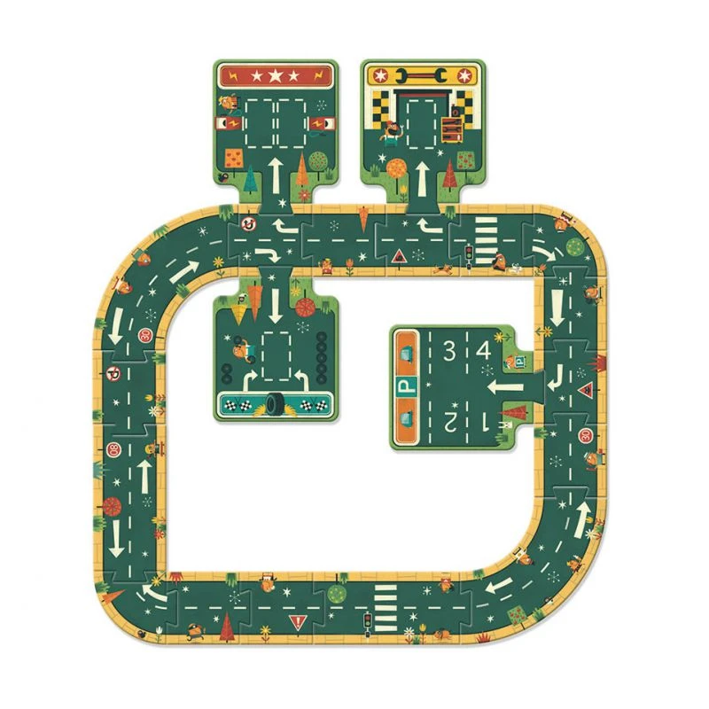 Routes est un jouet à la frontière entre les puzzles, les jeux de construction et les jeux d’imagination. Ce puzzle original de la collection Pop To play est composé de 21 pièces représentant des portions de routes et des parking de boutiques. L’enfant s’amusera dans un premier temps à créer un circuit en se basant sur les exemples ou en assemblant les pièces à sa guise. Ensuite, il pourra utiliser ses petites voitures (non fournies) pour jouer sur le circuit qu’il vient de construire.
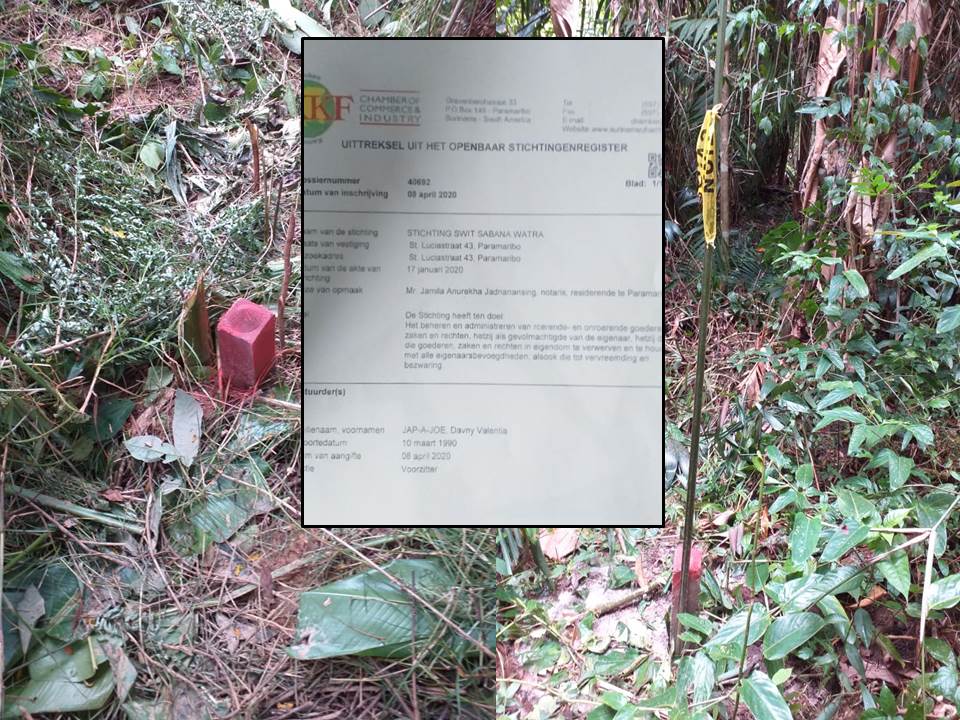 Vermoedens over de uitgifte ontstonden toen de gemeenschap van Para onlangs opgeschrikt werd door landmeters die zich op voornoemde terrein begaven om opmeetwerkzaamheden te verrichten. Onderzoek heeft uitgewezen dat het bedoeld perceelland is uitgegeven aan Stichting Swit Sabana Watra en dat deze stichting de opdracht heeft gegeven om grenspalen aan te brengen. Deze stichting is op 17 januari 2020 opgericht en op 8 april 2020 ingeschreven in de registers van het Kamer van Koophandel en Fabrieken (KKF) en heeft ten doel het beheren en administreren van roerende- en onroerende goederen, zaken en rechten, hetzij als gevolmachtigde van de eigenaar, hetzij die goederen, zaken en rechten in eigendom te verwerven en te houden met alle eigenaarsbevoegdheden, alsook die tot vervreemding en bezwaring. Op het uittreksel van het KKF staat Davny Valentina Jap-a-joe geregistreerd als voorzitter. Sanches vermoedt uit eigen onderzoek dat het hier gaat om een dochter van een boezemvriend van president Desi Bouterse.
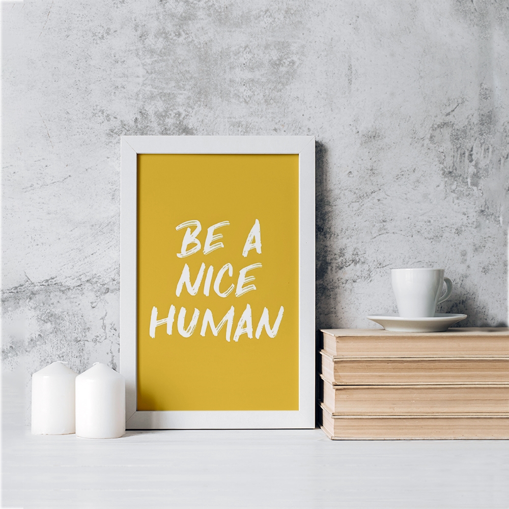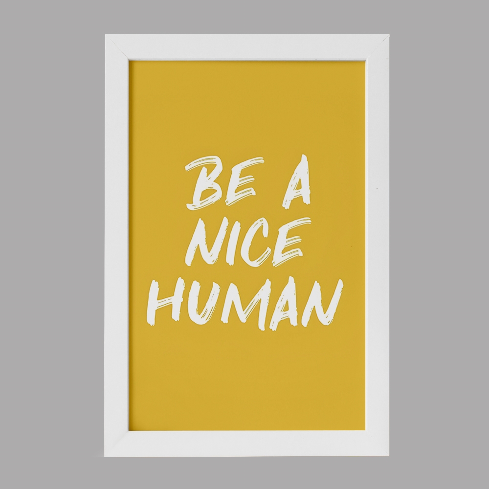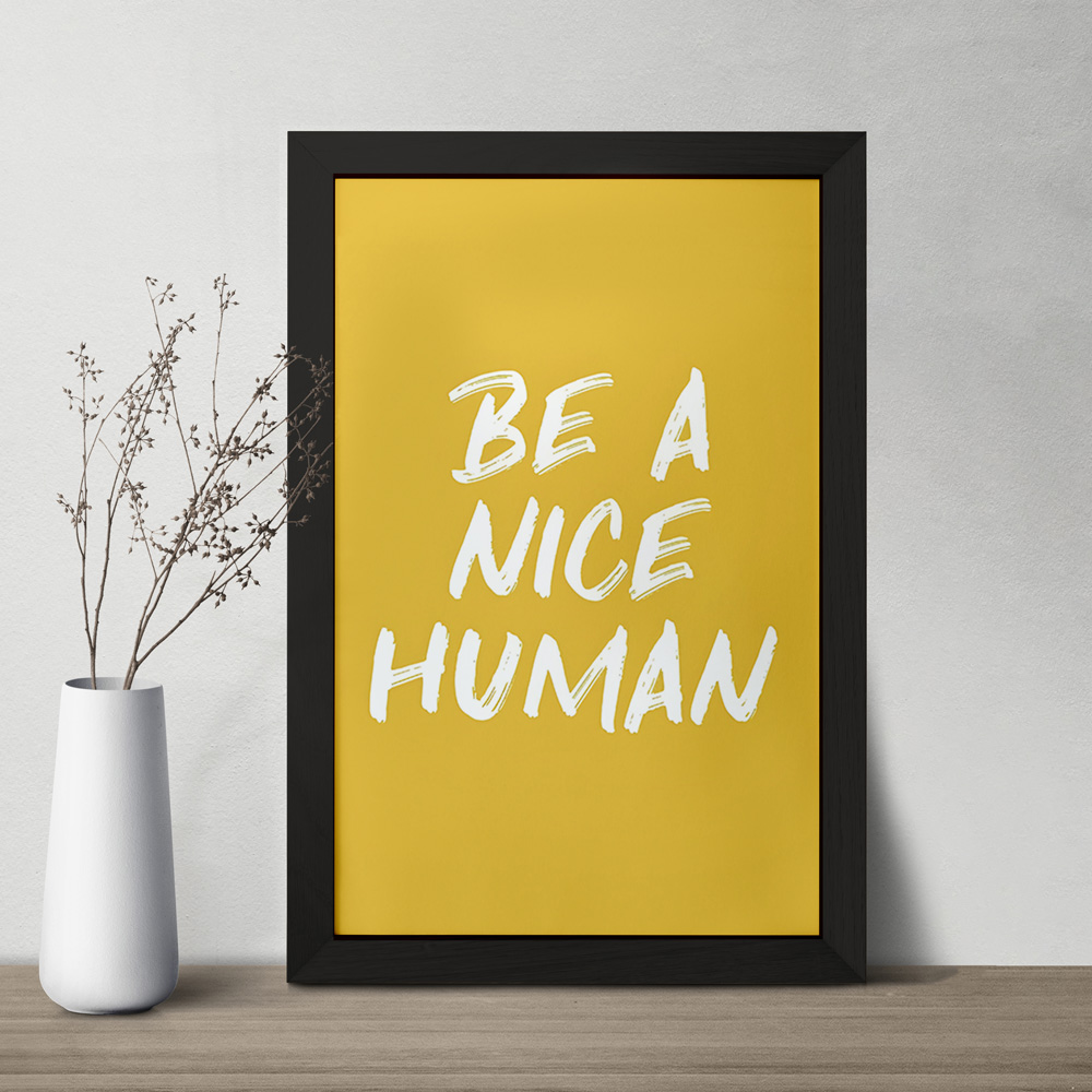 تابلو یا قاب عکس Be A Nice Human خندالو در ابعاد مختلف با استفاده از بهترین برند پروفیل پی وی سی دو سانتی متری بسیار مرغوب، تولید شده اند و در مونتاژ و نصب آنها نهایت دقت در قرارگیری هر چه دقیق تر لبه ها به یکدیگر صورت گرفته است. همچنین در پشت قاب ها گیره ای برای اتصال راحت به دیوار تعبیه شده است.
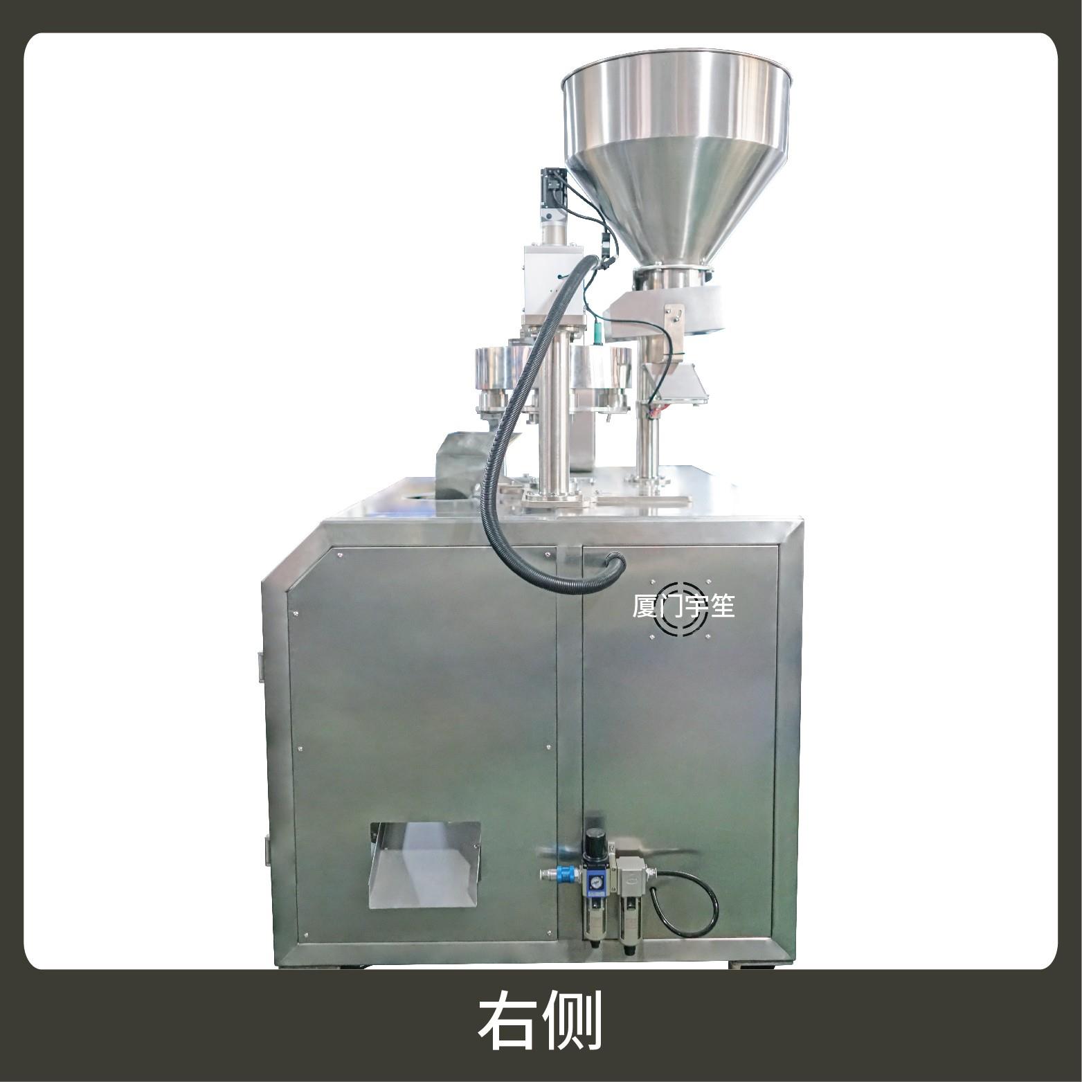 2、包裝流程全自動(dòng),無(wú)需人工操作,可抽真空、充氮?dú)?、組合下料??筛鶕?jù)充填物料的性質(zhì)選配不同的下料結(jié)構(gòu),且可根據(jù)客戶要求配置打印批號(hào)等功能。
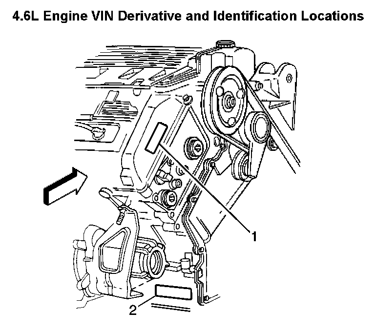 ENGINE ID AND VIN DERIVATIVE LOCATION4.6L ENGINE VIN DERIVATIVE AND IDENTIFICATION LOCATIONS
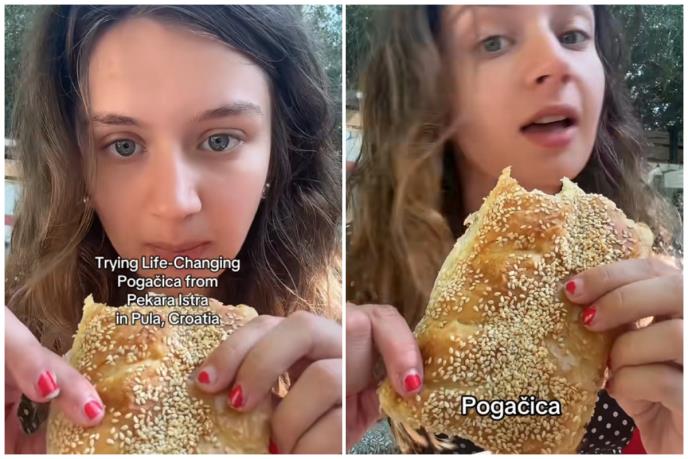 "Način na koji je sir složen s pecivom je fantastičan. Opsednuta sam ovim i jednostavno to moram da podelim s vama", rekla je dok je uzimala zalogaj. "Zanima me gde ovo još može da se kupi. Je li to lokalno? Ili nešto što može da se pronađe u celoj Hrvatskoj?", upitala je svoje pratioce.
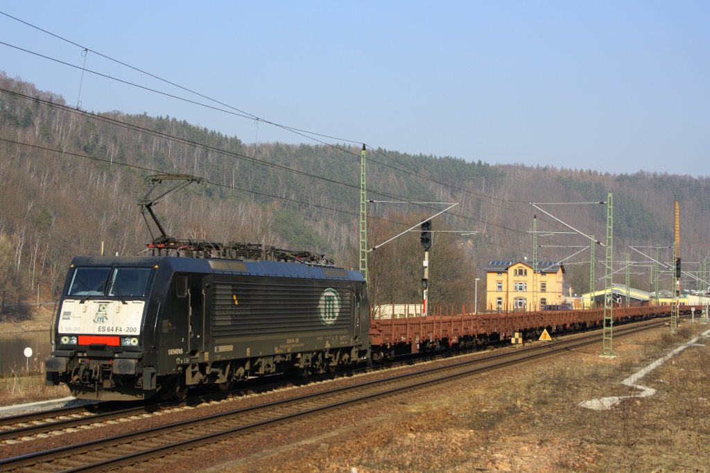 ES 64 F4-200 durchfährt am 01.03.'11 den im Elbtal gelegenen Ort Königstein
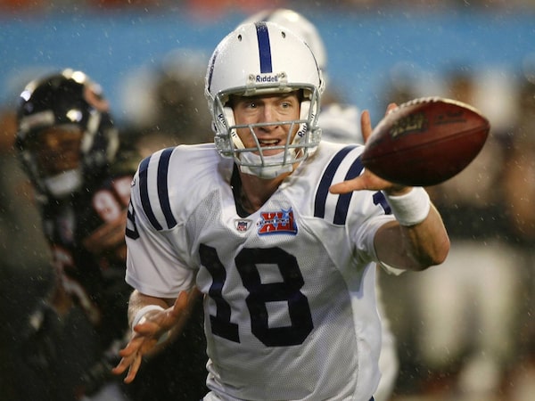 Indianapolis Colts quarterback Peyton Manning pitches out against the Chicago Bears during the second quarter of the NFL's Super Bowl XLI football game in Miami, Florida.Mike Blake/Reuters
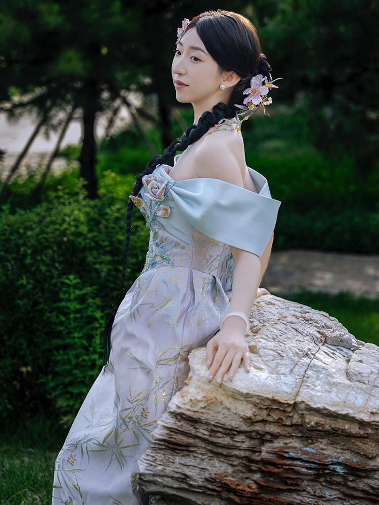 Sleeveless Off-Shoulder Floral Sequin Sheath Evening Gown
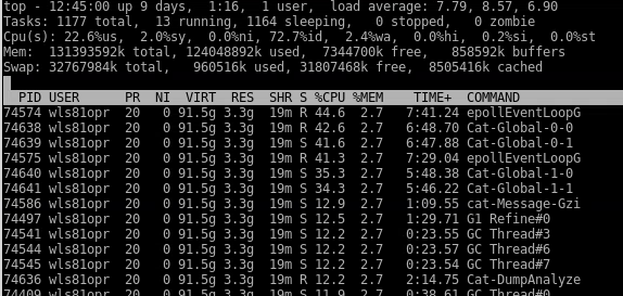 改造后测试环境的这台服务器顺利跑了起来, 在小时消息量 0.94 亿,消息大小 210G 情况下 “top -H” 输出如下, 可以看到 Netty work 线程 (图中 epollEventLoopG)的占用不高,4 个全局的 Analyzer 线程 (图中 Cat-Global 开头线程) 的占用也不太高,无消息丢失。
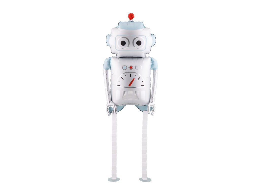 Aduceți distracție și surpriză la petrecere cu acest balon din folie în formă de robot care merge! Ideal atât pentru copii, cât și pentru adulți, perfect pentru petreceri aniversare, petreceri tematice sau ca decorațiune veselă. Pentru a obține efectul de mers, balonul trebuie umflat cu heliu, care îl face să plutească. Picioarele, în schimb, acționează ca o greutate, astfel încât balonul nu se ridică, ci rămâne pe podea.
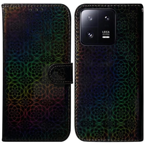 Para Xiaomi 13 Pro 5G Caja de Teléfono de Cuero con Hebilla Magnética Colorida (Negro)
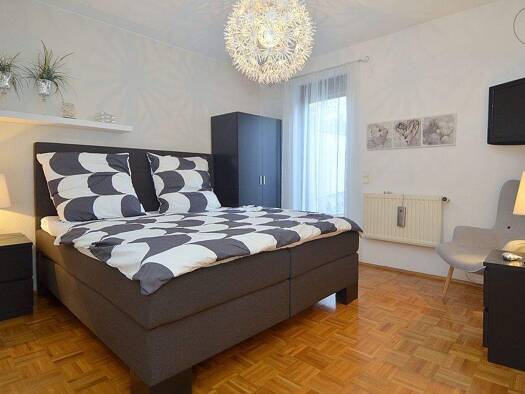 Die ruhige und zentrale Lage der Wohnung bietet optimale Anbindung zur Autobahn A 60 sowie dem öffentlichen Nahverkehr. Der modern eingerichtete Wohnraum verfügt über ein gemütliches Klappbett (90 x ...
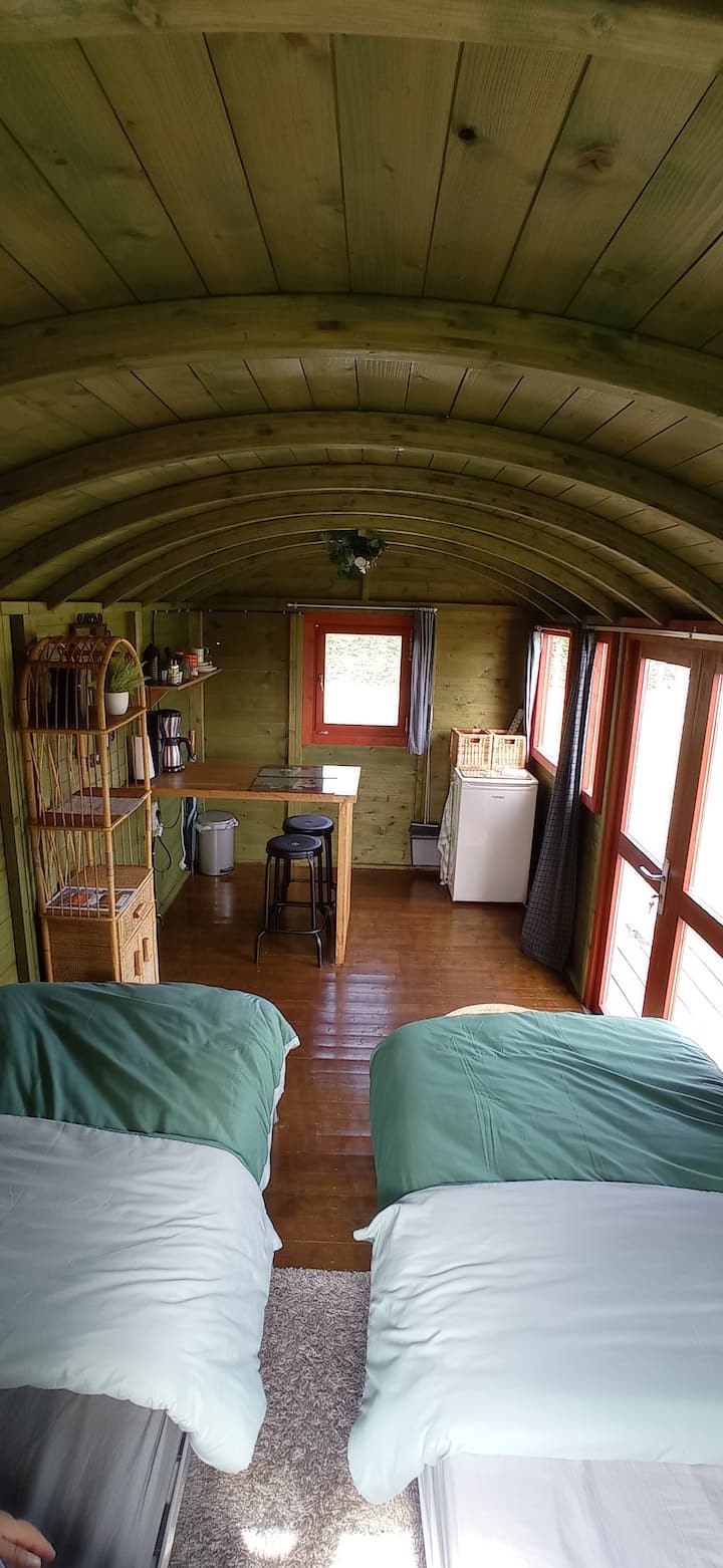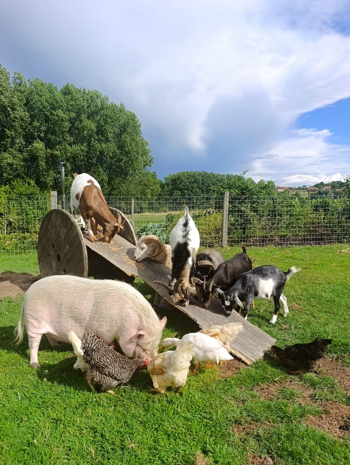 Amiamo anche le serate accoglienti e conoscere persone, quindi siamo aperti ad accogliere persone provenienti da tutto il mondo. In bici, a piedi... tutti sono i benvenuti nel nostro mini campeggio con un carrello e una roulotte + a volte camper e tende di passaggio.
——
TASK REQUIREMENTS →
Give back the whole listing exactly as it stands. No pictures belong in the copy.

RESPONSE FOR THIS EXERCISE →
 Routes est un jouet à la frontière entre les puzzles, les jeux de construction et les jeux d’imagination. Ce puzzle original de la collection Pop To play est composé de 21 pièces représentant des portions de routes et des parking de boutiques. L’enfant s’amusera dans un premier temps à créer un circuit en se basant sur les exemples ou en assemblant les pièces à sa guise. Ensuite, il pourra utiliser ses petites voitures (non fournies) pour jouer sur le circuit qu’il vient de construire.
 Vermoedens over de uitgifte ontstonden toen de gemeenschap van Para onlangs opgeschrikt werd door landmeters die zich op voornoemde terrein begaven om opmeetwerkzaamheden te verrichten. Onderzoek heeft uitgewezen dat het bedoeld perceelland is uitgegeven aan Stichting Swit Sabana Watra en dat deze stichting de opdracht heeft gegeven om grenspalen aan te brengen. Deze stichting is op 17 januari 2020 opgericht en op 8 april 2020 ingeschreven in de registers van het Kamer van Koophandel en Fabrieken (KKF) en heeft ten doel het beheren en administreren van roerende- en onroerende goederen, zaken en rechten, hetzij als gevolmachtigde van de eigenaar, hetzij die goederen, zaken en rechten in eigendom te verwerven en te houden met alle eigenaarsbevoegdheden, alsook die tot vervreemding en bezwaring. Op het uittreksel van het KKF staat Davny Valentina Jap-a-joe geregistreerd als voorzitter. Sanches vermoedt uit eigen onderzoek dat het hier gaat om een dochter van een boezemvriend van president Desi Bouterse.
 تابلو یا قاب عکس Be A Nice Human خندالو در ابعاد مختلف با استفاده از بهترین برند پروفیل پی وی سی دو سانتی متری بسیار مرغوب، تولید شده اند و در مونتاژ و نصب آنها نهایت دقت در قرارگیری هر چه دقیق تر لبه ها به یکدیگر صورت گرفته است. همچنین در پشت قاب ها گیره ای برای اتصال راحت به دیوار تعبیه شده است.
 2、包裝流程全自動(dòng),無(wú)需人工操作,可抽真空、充氮?dú)?、組合下料??筛鶕?jù)充填物料的性質(zhì)選配不同的下料結(jié)構(gòu),且可根據(jù)客戶要求配置打印批號(hào)等功能。
 ENGINE ID AND VIN DERIVATIVE LOCATION4.6L ENGINE VIN DERIVATIVE AND IDENTIFICATION LOCATIONS
 "Način na koji je sir složen s pecivom je fantastičan. Opsednuta sam ovim i jednostavno to moram da podelim s vama", rekla je dok je uzimala zalogaj. "Zanima me gde ovo još može da se kupi. Je li to lokalno? Ili nešto što može da se pronađe u celoj Hrvatskoj?", upitala je svoje pratioce.
 ES 64 F4-200 durchfährt am 01.03.'11 den im Elbtal gelegenen Ort Königstein
 Indianapolis Colts quarterback Peyton Manning pitches out against the Chicago Bears during the second quarter of the NFL's Super Bowl XLI football game in Miami, Florida.Mike Blake/Reuters
 Sleeveless Off-Shoulder Floral Sequin Sheath Evening Gown
 改造后测试环境的这台服务器顺利跑了起来, 在小时消息量 0.94 亿,消息大小 210G 情况下 “top -H” 输出如下, 可以看到 Netty work 线程 (图中 epollEventLoopG)的占用不高,4 个全局的 Analyzer 线程 (图中 Cat-Global 开头线程) 的占用也不太高,无消息丢失。
 Aduceți distracție și surpriză la petrecere cu acest balon din folie în formă de robot care merge! Ideal atât pentru copii, cât și pentru adulți, perfect pentru petreceri aniversare, petreceri tematice sau ca decorațiune veselă. Pentru a obține efectul de mers, balonul trebuie umflat cu heliu, care îl face să plutească. Picioarele, în schimb, acționează ca o greutate, astfel încât balonul nu se ridică, ci rămâne pe podea.
 Para Xiaomi 13 Pro 5G Caja de Teléfono de Cuero con Hebilla Magnética Colorida (Negro)
 Die ruhige und zentrale Lage der Wohnung bietet optimale Anbindung zur Autobahn A 60 sowie dem öffentlichen Nahverkehr. Der modern eingerichtete Wohnraum verfügt über ein gemütliches Klappbett (90 x ...
 Amiamo anche le serate accoglienti e conoscere persone, quindi siamo aperti ad accogliere persone provenienti da tutto il mondo. In bici, a piedi... tutti sono i benvenuti nel nostro mini campeggio con un carrello e una roulotte + a volte camper e tende di passaggio.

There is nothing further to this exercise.